Справа, примерно в километре от нас, шумела железнодорожная станция. Что-то постоянно кричал по трансляции пронзительный голос диспетчера, притом из всех слов я мог разобрать не более трети, и все они были матерными. Иногда со станции доносились свистки маневрушки или лязг буферов. Там сейчас составляли состав с лесом, который должен был увезти меня на Магистраль.

Но с каждым шагом мы оставляли Кослан все дальше и дальше у себя за спиной и наконец суетные звуки цивилизации поглотила тайга, заменила их умиротворенным гулом соснового бора и кукованием кукушки.

– Кукушка, кукушка, сколько мне жить? – прошептал я так, чтобы меня не расслышал Максим и не решил бы, что его спутник рехнулся. – Раз… два… три…

Узенькая тропинка вывела нас на заросшую кустами, заброшенную двухколейку. Макс бросил взгляд на часы и прибавил шагу. До подачи к месту назначения моего товарняка оставалось не более получаса.

– …тридцать семь… тридцать восемь. Спасибо, кукушка. Тридцати восьми мне вполне достаточно.
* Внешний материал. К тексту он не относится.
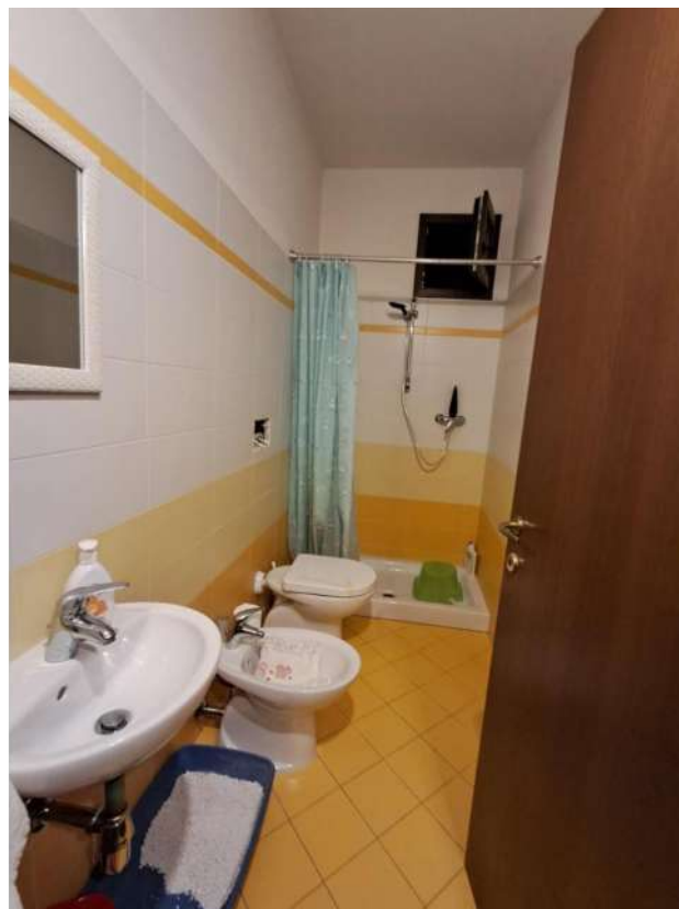
INTERNI PIANO TERRA: DISIMPEGNO E BAGNO

– Чего там бубнишь? – обернулся Максим. – Нетоверы своим присловиям обучили?

– Крыша у меня съехала.

– Немудрено.

«Действительно, немудрено, – молча согласился я с Максом. – Так поколбасила жизнь за последнее время, что тут не только крыша… Тут вообще легко распрощаться с мирским бытием, как сказали бы мои друзья спасовцы, и отправиться на прием к архангелу Михаилу. Или кто там заведует заблудшими душами? Впрочем, нет. Рановато. Кукушка накуковала мне еще тридцать восемь лет жизни…»

– Успеваем. – Максим сбавил ход, обернулся. – Впереди метрах в ста железка уже. Поезд будет минут через десять. Подождем его здесь. Саныч обещал погудеть, как приближаться будет. – Он присел на корточки, закурил. – Так чего ты там бормотал, когда шли?
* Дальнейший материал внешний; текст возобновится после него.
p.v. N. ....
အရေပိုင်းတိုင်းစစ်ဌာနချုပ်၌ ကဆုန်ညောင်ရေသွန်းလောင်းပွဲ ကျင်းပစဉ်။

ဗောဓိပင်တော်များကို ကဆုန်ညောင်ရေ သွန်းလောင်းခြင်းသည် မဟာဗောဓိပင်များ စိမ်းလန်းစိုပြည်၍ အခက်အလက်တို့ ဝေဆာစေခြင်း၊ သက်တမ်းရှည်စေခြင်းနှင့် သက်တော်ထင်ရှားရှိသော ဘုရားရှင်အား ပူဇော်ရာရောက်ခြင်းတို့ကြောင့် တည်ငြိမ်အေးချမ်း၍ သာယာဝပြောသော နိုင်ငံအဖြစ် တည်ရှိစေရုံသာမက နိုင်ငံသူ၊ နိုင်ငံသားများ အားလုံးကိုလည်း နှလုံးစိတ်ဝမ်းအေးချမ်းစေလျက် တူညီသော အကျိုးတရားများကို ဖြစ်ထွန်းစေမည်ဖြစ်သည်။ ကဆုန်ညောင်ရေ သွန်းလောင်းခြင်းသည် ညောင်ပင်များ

– Считал, сколько кукушка мне накукует.

– Хм… А ведь я тоже. Всякий раз считаю, когда слышу. И всегда по-разному получается. Два раза хотя бы совпало… Не-е-ет, братан, туфта это все, детские сказочки. Никакая кукушка тебе твой срок не отмерит. Сам ты себе хозяин, от тебя и зависит, сколько прожить. И как прожить…
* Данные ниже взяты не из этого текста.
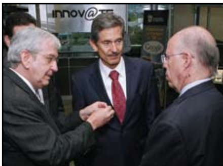
>Con el Dr. José Narro
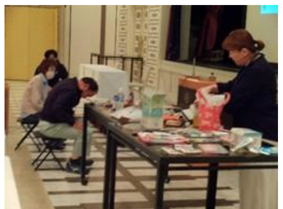
研修受講状況（使用体験）
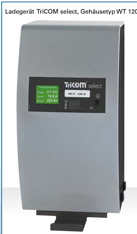
Ladegerät TriCOM select, Gehäusetyp WT 120
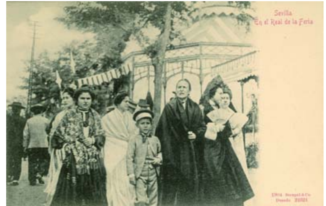
Dj12954. Sevilla. En el Real de la Feria . N° 22321 de la edición de Stenge & Co, Dresde (Alemania). 1904.

Издалека до нас донесся гудок тепловоза.

Макс посмотрел на часы, удовлетворенно отметил:

– Точняк, как в аптеке. – И поднялся с корточек. – Пошли, Коста. На платформу, ха-ха.

В марках локомотивов я не разбираюсь, так что точно сказать не берусь, что это было – то ли маленький тепловоз, предназначенный для того, чтобы таскать небольшие составы на короткие расстояния, то ли обьганая станционная маневрушка. Когда мы поднялись на насыпь, до локомотива оставалось еще метров двести, но машинист сразу увидел нас, и тепловозик еще раз пронзительно взвизгнул.

– Ну, брат, удачи тебе. – Макс сдавил меня в медвежьих объятиях. – Заглядывай в гости. Примем всегда.

– Хорошо, загляну. Целуй от меня Аленку.

– Ага… Приготовься. Саныч останавливаться не будет. Притормозит децл, и только. Так что вскакивай на ходу. Не промахнись.

Локомотив уже почти доехал до нас. Сейчас он полз со скоростью выдохшегося марафонца. Из кабины на открытую площадку вышел молодой парень в замасленной телогрейке, поприветствовал нас взмахом руки и облокотился на железные перила, внимательно наблюдая за тем, как я готовлюсь взять старт.

– Макса! Здорово! – прокричал парень, а я в этот момент взял ускорение, уцепился за поручень и легко вскочил на нижнюю ступеньку крутой железной лесенки. Поднялся вверх еще на пару ступенек, обернулся и помахал на прощание Максу.

– Ленку целуй от меня! – напомнил о своем поручении.

– Ага! – Послушно кивнул Максим. – А кукушка… – шум машины заглушал его голос, и как он ни старался, как ни кричал, я не мог расслышать ни слова. Впрочем, нет. -…врала…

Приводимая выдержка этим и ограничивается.